Anatomize is licensed under version 3 of the GNU Lesser General Public License. See COPYING and COPYING.LESSER for more details.

Installation

Conveniently install Anatomize to your project through npm.

npm i @cubesandcubes/anatomize

Basic Setup

The first step to building a parser with Anatomize is to import it and to create a new instance of it.

The Anatomize constructor requires you to provide a main function that handles generating the AST (Abstract Syntax Tree). We use objects to represent individual nodes in the AST.

import { Anatomize } from '@cubesandcubes/anatomize';

const MyParser = new Anatomize(() => {
  return {
    type: 'Program',
    body: Program(),
  };
});

function Program() {

}

Down below you'll find a guide on adding some common features to your parser. Follow along to learn the basics of Anatomize and how to structure your parser.

It's recommended that you already know how parsers generally work.

Implementing Numeric Literals

Starting off easy, let's implement basic numeric literals into our parser. That'll only be simple integer numbers for this implementation.

First, we register a token type for our numeric literals to use.
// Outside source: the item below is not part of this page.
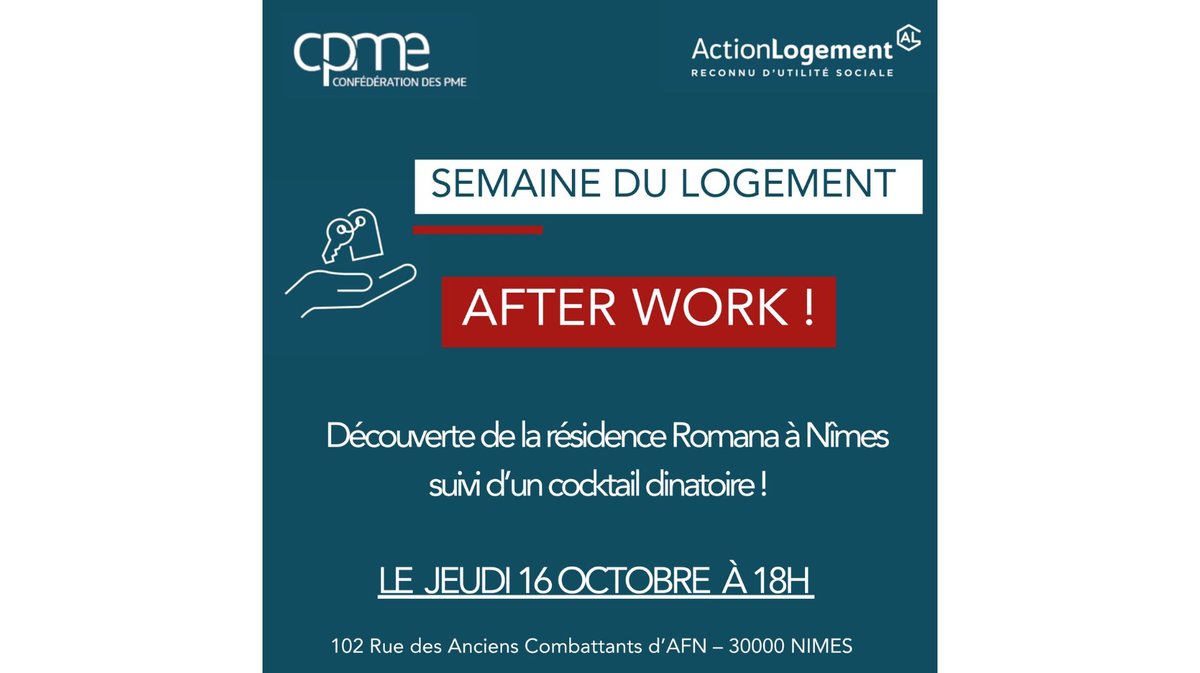 Dans le cadre de cette Semaine du logement, la CPME GARD vous invite à un after-work le jeudi 16 octobre 2025 à 18h. Cette rencontre débutera par une visite privilégiée de la résidence Romana à Nîmes (102 Rue des Anciens Combattants d’AFN – Nîmes), un programme qui illustre l’engagement d’Action Logement en faveur du logement temporaire et adapté pour les jeunes en formation, salariés modestes, travailleurs en insertion, saisonniers… afin de faciliter leur mobilité et leur parcours professionnel. Elle se poursuivra à la Brasserie des Costières où il y aura une présentation des services et dispositifs d’Action Logement, suivie d’un cocktail dînatoire convivial.

That we do with Anatomize's registerToken(name, matcher) method. A token has a name and a matcher that can either be a RegExp (Regular Expression) or a function using Anatomize's custom matching utilities. The matcher is a description of the token so it can be recognized in and parsed from the source.

We'll call the token "NUMBER" and use a RegExp that matches one or multiple digits.

MyParser.registerToken('NUMBER', /^\d+/);

When using RegExps as token matchers, it's important to always start them with the ^ (Start-of-String) anchor in order to avoid bugs.

Next, we create a function that reads our "NUMBER" token and from it returns a node for our AST. Anatomize's read(type) method takes the type of the token that's to be read, and if the type equals that of the next token in the buffer, the method returns a token object containing the token's type and value (the match result) and advances the buffer to the next token. If the type is unequal, Anatomize throws an error.

function NumLiteral() {
  const Token = MyParser.read('NUMBER');

  return {
    type: 'NumLiteral',
    value: Number(Token.value),
  };
}

Finally, we include the function we just created into our AST generation logic.

function Program() {
  return NumLiteral();
}

Try parsing a source containing only a number with Anatomize's parse(source) method and see what's returned.

console.log(
  MyParser.parse('5')
);

Implementing String Literals

Increasing the difficulty slightly, let's next implement string literals into our parser.

We'll again register a token type, but this time using an Anatomize matcher.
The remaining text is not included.